Na minha altura de emigrante, viajava com tal frequência,
que os passageiros do avião e a tripulação já me eram familiares. O mesmo
acontecia com eles, já sorriamos e acenávamos com a cabeça para mais “uma
moeda, mais uma voltinha”.
Recordo-me de um Domingo à noite, dia de regresso à outra
realidade, em que mudava de língua e o ar nas primeiras horas era tudo menos
regenerador, com se todo o circuito respiratório entupisse, não por culpa da
cidade e tão pouco das pessoas, mas porque o coração fraquejava e não bombeava da
mesma maneira, desconcertando toda a orquestra que é o natural sistema cardiorespiratório
indispensável à vida. As saudades apertavam, logo a seguir à despedida.
Ao entrar no táxi, o português
- digo com carinho - agarrou a porta antes de a fechar, sim, como vemos no
cinema - naqueles filmes em que choramos, rimos e no final eles ficam juntos -
e cheio de coragem, pediu-me o número…
Normalmente, não sei como reagir – ainda hoje não sei! – A minha resposta muito pronta foi: “se o
destino quiser que nos voltemos a ver, encontramo-nos por ai”, não sei de onde
aquilo me saiu, nem acontecem este tipo de situações com a frequência necessária
para que a resposta estivesse na “pontinha da língua”. Aparentemente segura, sorri,
fechei a porta e com um gesto de despedida, o carro seguiu. Ainda me lembro do
ar espantado, chocado, de sobrolho levantado e boquiaberto, assim meio embasbacado,
coitado! Pelo caminho pensava: fiz bem, fiz mal, devia de ter dado?! Não
devia!? Que estupidez! Podíamos ter acabado a noite num sítio qualquer com uma
boa conversa, a jantar, a passear, sei lá! Não necessariamente um romance, mas
uma amizade. Tinha todos os condimentos. Éramos dois estrangeiros oriundos do
mesmo país, com a língua em comum e certamente com uma imensidão de diferentes experiências
da mesma cidade. Mas o meu pânico misturado com o meu receio pelo desconhecido, ao mesmo tempo tentar parecer calma e natural, deu nisto. Não, não o voltei a
ver. Passaram alguns anos, vou acreditar que está careca, barrigudo e espero
que feliz.
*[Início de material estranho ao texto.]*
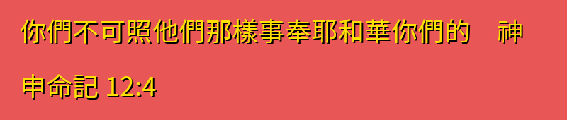 今日分享的中文聖經:「你們不可照他們那樣事奉耶和華你們的 神。」來自聖經「申命記」第「12章4節」,你可以繼續向下拉看到聖經卷書完整章節。每日中文聖經從神的話語中聆聽神的聲音,引導我們的人生,指導我們人生的方向,讓我們做出正確的選擇,而做出這些正確選擇的原則都在聖經中,所以我們需要讀神的話語,認識他的話語,把神的話語藏在心裡。

E que não pense em mim, se é que ele mais algum dia pensou, como a
maluca que fugiu.
Se fosse hoje, aiii se fosse hoje... Não faço ideia do que fazia!
Não há receita para estes imprevistos, mas encaro-os como um
desafio ao meu poder de improviso, às vezes corre bem outras nem por isso. Mas acredito
que a maturidade também se reflecte nestas ocasiões e por isso as abordagens que
se seguiram, diferentes é certo, algumas, obrigaram-me a usar o bloqueador de
contactos, outras não passaram disso, mas pelo menos fizeram história.
As vantagens das relações que não demos oportunidade, são que perduram como “ses” romanceados pela imaginação.
As vantagens das relações que não demos oportunidade, são que perduram como “ses” romanceados pela imaginação.